■ PROVIDED MATERIAL
################
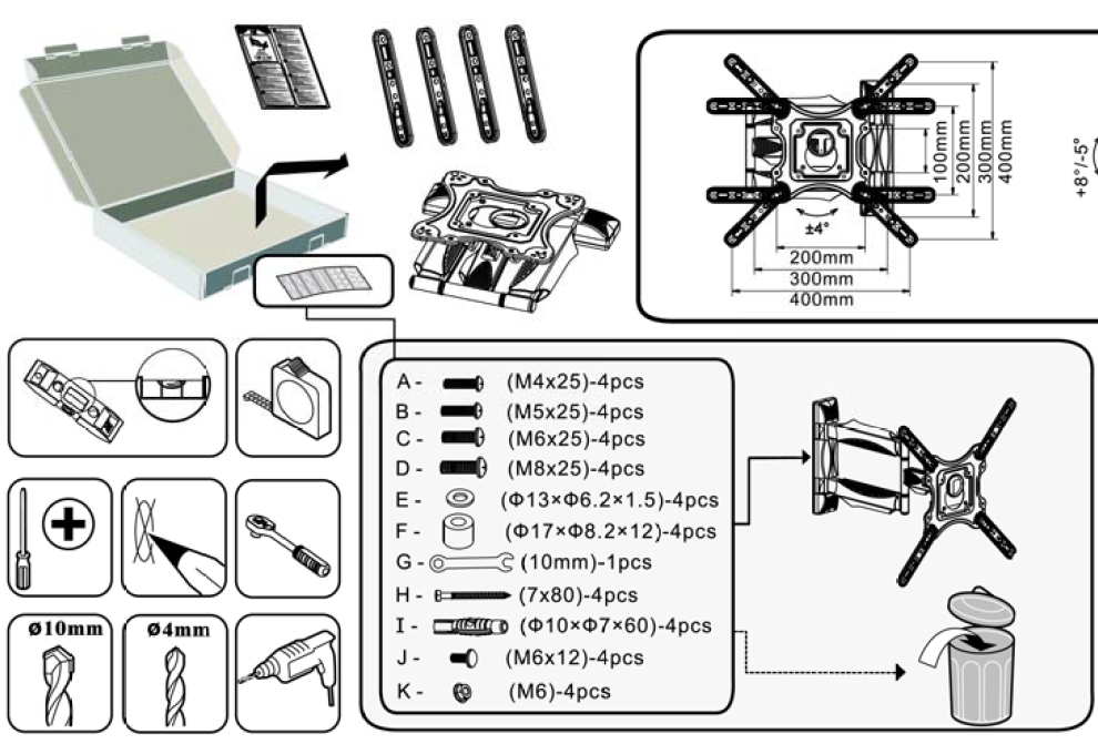 - VESA compliance from 100x100mm to 400x400mm
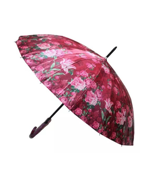 Paraguas plegable 16 varillas 79cm automático burdeo
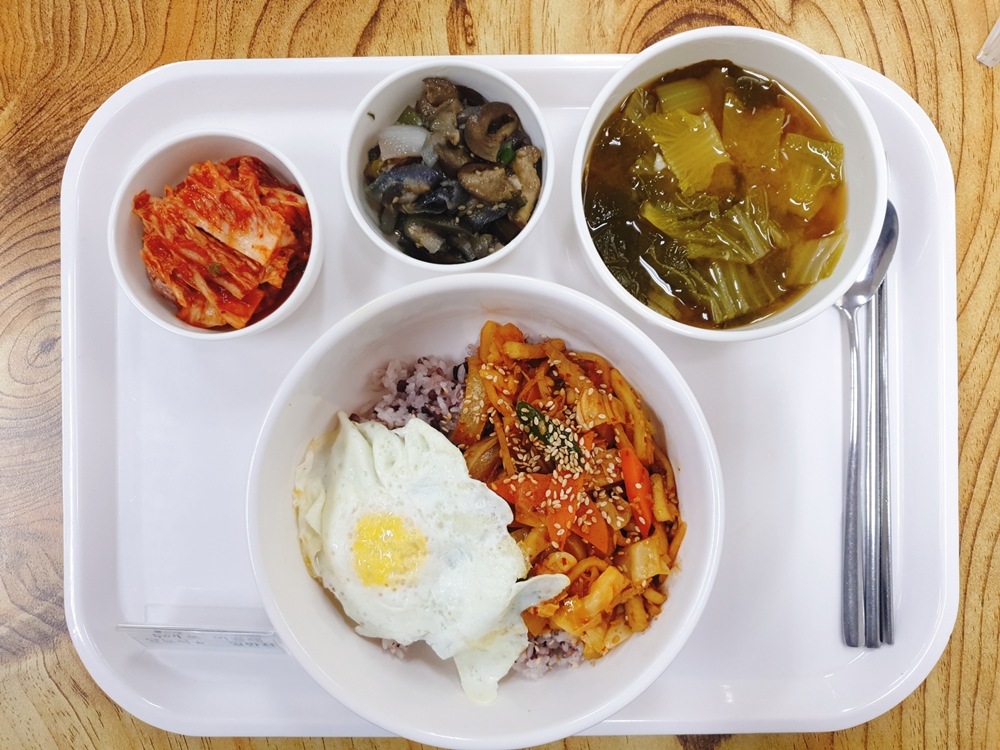 11월 02일 중식은 < 백미밥(죽/잡곡밥) / 얼가리된장국 / 오징어덮밥 / 가지양파볶음 / 계란후라이 / 김치 > 였습니다.
################
■ WORK TO BE COMPLETED
Copy the entire listing exactly but skip the pictures.

■ EXERCISE ANSWER
 - VESA compliance from 100x100mm to 400x400mm
 Paraguas plegable 16 varillas 79cm automático burdeo
 11월 02일 중식은 < 백미밥(죽/잡곡밥) / 얼가리된장국 / 오징어덮밥 / 가지양파볶음 / 계란후라이 / 김치 > 였습니다.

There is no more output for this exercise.